2014-10-08 106 views
0

我試圖使用梯度下降實現多項邏輯迴歸,但是我的成本函數開始爲權重指定NaN值。有人可以告訴我做錯了什麼嗎?計算給我NaN

function [ cost ] = costFunctionMultiNominal(inputX,resultY,weights) 
%UNTITLED8 Calculates the cost for gradient descent,assumes inputX has one 
%additional feature for constant and Weights is a classes X features matrix 

[rows,cols] = size(inputX); 
numOfClasses = size(weights,1); 
summation = 0; 
for i=1:rows 
    classLevelSummation = 0; 
    for j=1:numOfClasses 
     if resultY(i)==j 
      denominatorSum = 0; 
      for l=1:numOfClasses 
       denominatorSum = denominatorSum + exp((inputX(i,:)*weights(l,:)')-4444); 
      end 
      **classLevelSummation = classLevelSummation + log(exp(inputX(i,:)*weights(j,:)'-4444)/denominatorSum);** 
     end 
    end 
    summation = summation + classLevelSummation; 
end 
cost = summation/(-rows); 
end 

這裏是權重更新功能:

function [ Weights ] = 
    getWeightsUsingGradientDescentMultiNominal(trainingX,resultY,iterMax,Alpha,weight0,lambda) 

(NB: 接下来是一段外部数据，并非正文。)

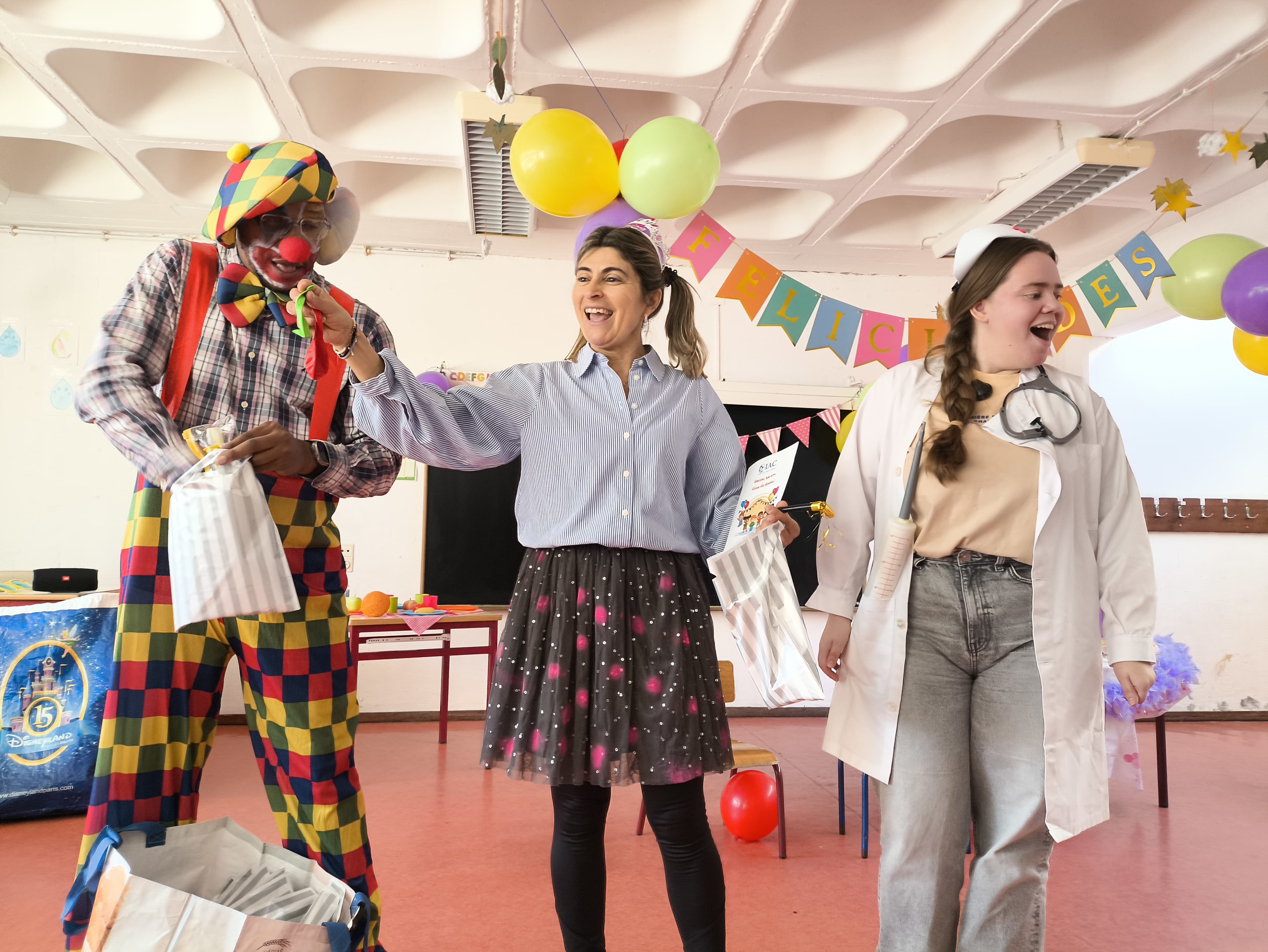 Muito divertido também, foi o nosso Palhaço! Apesar de dizer muitos disparates, que afinal é o seu trabalho, ajudou as crianças nos jogos, colaborou com as enfermeiras para ensinar muita coisa e deu apoio à Mariazinha a distribuir pelos amigos os saquinhos-presente com surpresas, mas SEM DOCES. Desta vez, ganharam um livrinho de atividades sobre o tema, balões para brincarem e um kit para lavarem bem os dentes, com uma escova bem gira e uma ampulheta para marcar o tempo de escovagem.

%Returns updated weights through gradient descent,weight0 are the intial randomized weights 
% Detailed explanation goes here 

rows = size(trainingX,1); 
cols = size(trainingX,2)+1; 
Weights = weight0; 
numOfClasses = size(Weights,1); 
%Adding one's to the input data for the constant terms 
a = ones(rows,1); 
X = [a trainingX]; 
%Each column corresponds to one weight, updating weights column wise: 
%Also plot cst function simultaneously 
tempCost = 0; 
display(costFunctionMultiNominal(X,resultY,Weights)); 
plot(1,costFunctionMultiNominal(X,resultY,Weights),'r'); 
hold on; 
for n=1:iterMax 
    %Have to do this for all classes, i.e rows in weigths 
    for j = 1:numOfClasses 
     %First Calculating the Sigma over rows for all X 
     summation = zeros(1,cols); 
     for i=1:rows 
      p = -1 * calculatePofJMultiNominal(X(i,:),Weights,j); 
      if resultY(i) == j 
       p = 1 + p; 
      end 
      summation = summation + X(i,:)*p; 

     end 
     Weights(j,:) = Weights(j,:) - (Alpha)*(summation/(-rows) + lambda*Weights(j,:)); 
    end 
    cost = costFunctionMultiNominal(X,resultY,Weights); 
    display(cost); 
    costDiff = tempCost - cost; 
    if i~=0 && abs(costDiff)/cost <= 0.0001 
     display('Breaking because of cost very less!'); 
     break; 
    end 
    tempCost = cost; 

    plot(i,cost,'r'); 
end 
hold off; 
end 

據我瞭解,在NaN是因爲在指數方面的大量到來。我嘗試從指數(-4444)減少大量數據,但無濟於事。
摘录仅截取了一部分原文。